One possible explanation for such a delay is that the display link thread runs at a higher scheduling priority than the announcement thread. I should do some experiments to see if that’s true and whether matching their priorities makes any difference.
So what I did was to replace the glFenceAPPLE stuff with a boost::condition_variable that waits for a mutex. The thread that actually frees the waiting Stimulus Announcer is the Display Link Callback. That seemed straight forward to me and works like a charm. It does not solve all the problems (sometimes flushBuffer takes very long) but a lot of the stutter is gone now. That’s at least what I can see by eye (looking at the debug timestamps and the dots on the display).
I’m not sure I understand the change you made. Are you saying that, instead of blocking on glFinishFenceAPPLE, the announcement thread waits on a condition variable, which is signaled at the beginning of the display link callback?
The reason for all the fence business is to determine, as accurately as possible, when the buffer swap actually happened.

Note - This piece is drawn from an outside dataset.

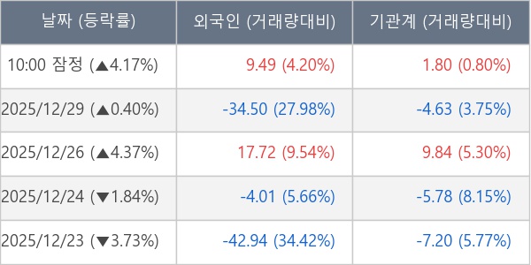 ※ 사모펀드 등 일부 기관의 순매매량은 표시되지 않음

The display link will tell you when the next swap should happen, and you can use that time and the refresh rate to compute when the previous swap probably happened. But waiting on the fence seems more robust than either of those approaches (although, as noted above, it’s possible that there can be a substantial delay between the buffer swap completing and MWorks being notified).

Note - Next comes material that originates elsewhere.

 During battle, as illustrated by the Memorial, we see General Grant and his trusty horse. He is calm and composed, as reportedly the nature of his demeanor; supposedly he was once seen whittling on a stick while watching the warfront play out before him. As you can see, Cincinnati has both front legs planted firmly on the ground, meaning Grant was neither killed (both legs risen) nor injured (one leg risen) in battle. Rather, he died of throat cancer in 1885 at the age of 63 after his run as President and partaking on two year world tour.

However, I do think it’s significant that your change reduces the amount of observable stutter, as it supports the hypothesis that delays in the announcement thread are impacting drawing of the next frame.

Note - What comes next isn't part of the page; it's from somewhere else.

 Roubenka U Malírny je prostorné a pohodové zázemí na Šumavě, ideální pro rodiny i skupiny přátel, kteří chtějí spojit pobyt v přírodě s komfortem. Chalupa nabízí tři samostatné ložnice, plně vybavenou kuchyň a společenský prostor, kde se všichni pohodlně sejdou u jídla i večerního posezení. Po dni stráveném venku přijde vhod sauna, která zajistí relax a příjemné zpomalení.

It seems to me that calling glFinish() before flushBuffer improves performance. I have no explanation for that, but I know that flushBuffer only calls glFlush() which is similar, but not equal to glFinish().
Interesting. By calling glFinish before flushBuffer, you’re guaranteeing that all drawing has completed on the back buffer before the display link callback exits. I don’t know why that would improve performance, but the fact that it does is noteworthy.
Also, it seems like a good idea to force NSOpenGLPFABackingStore, at least for the main display, as this makes the behavior of flushBuffer more predictable (although it disables some performance tweaks).
In what way does it make the behavior of flushBuffer more predictable?
Dynamic Stimuli have no way to access the last frame timestamp. I think it would be a very good idea to have a function in Stimulus Display that returns the last frame time. Right now all the moving stimuli use the time when an update is issued for their movement calculation. That might be inaccurate because it is not perfectly correlated with the VBLs.
Stefan stopped by today, and we discussed this very issue (among others). The upshot is that we agree with what you say. The important thing for a dynamic stimulus to know is what display refresh cycle it’s drawing for (with cycle 0 being the first refresh which displays the stimulus). Given that and the refresh rate, the stimulus can accurately calculate how much time has elapsed (and therefore how much it should have moved) since the last refresh.
The first type of lost frames can be triggered by expanding a stack from the dock, therefore it might be due to a busy GPU. Another hint is that it is possible to eliminate this type of lost frame (the portion of it occurring without touching the system) by disabling Quartz Extreme via the Quartz debug tools.
This makes sense. My understanding (based on this Wikipedia entry) is that when Quartz Extreme is enabled, the windowing system uses OpenGL to accelerate composition of all graphics visible on screen into a single frame buffer. This increases the load on the graphics hardware, sometimes to the point where it can’t keep up with both the needs of the windowing system and the needs of MWorks.
The second type of lost frames seems to be related to synchronization issues between the graphics card and the screen.
I wouldn’t rule this out, but I think a more likely culprit is the way that dynamic stimuli determine which frame to draw. I haven’t worked through the math, but I suspect that the stimulus is concluding (in it’s needDraw method) that it has already drawn the current frame, when in fact it hasn’t.
Actually, you should be able to verify that with another debug statement. Just override needDraw in your stimulus class to look something like this:
bool MyDynamicStimulus::needDraw() {
bool ret = StandardDynamicStimulus::needDraw();
if (started && (!ret))
fprintf(stderr, "stimulus is running but doesn't want to draw!\n");
return ret;
}
For a stimulus whose frames_per_second is set to the refresh rate, the message should never print. I’ll try this out and let you know what I find. Maybe you can do the same?
I’ll be leaving for the weekend shortly, but I’ll follow up on this stuff with you (and Stefan) next week.
Chris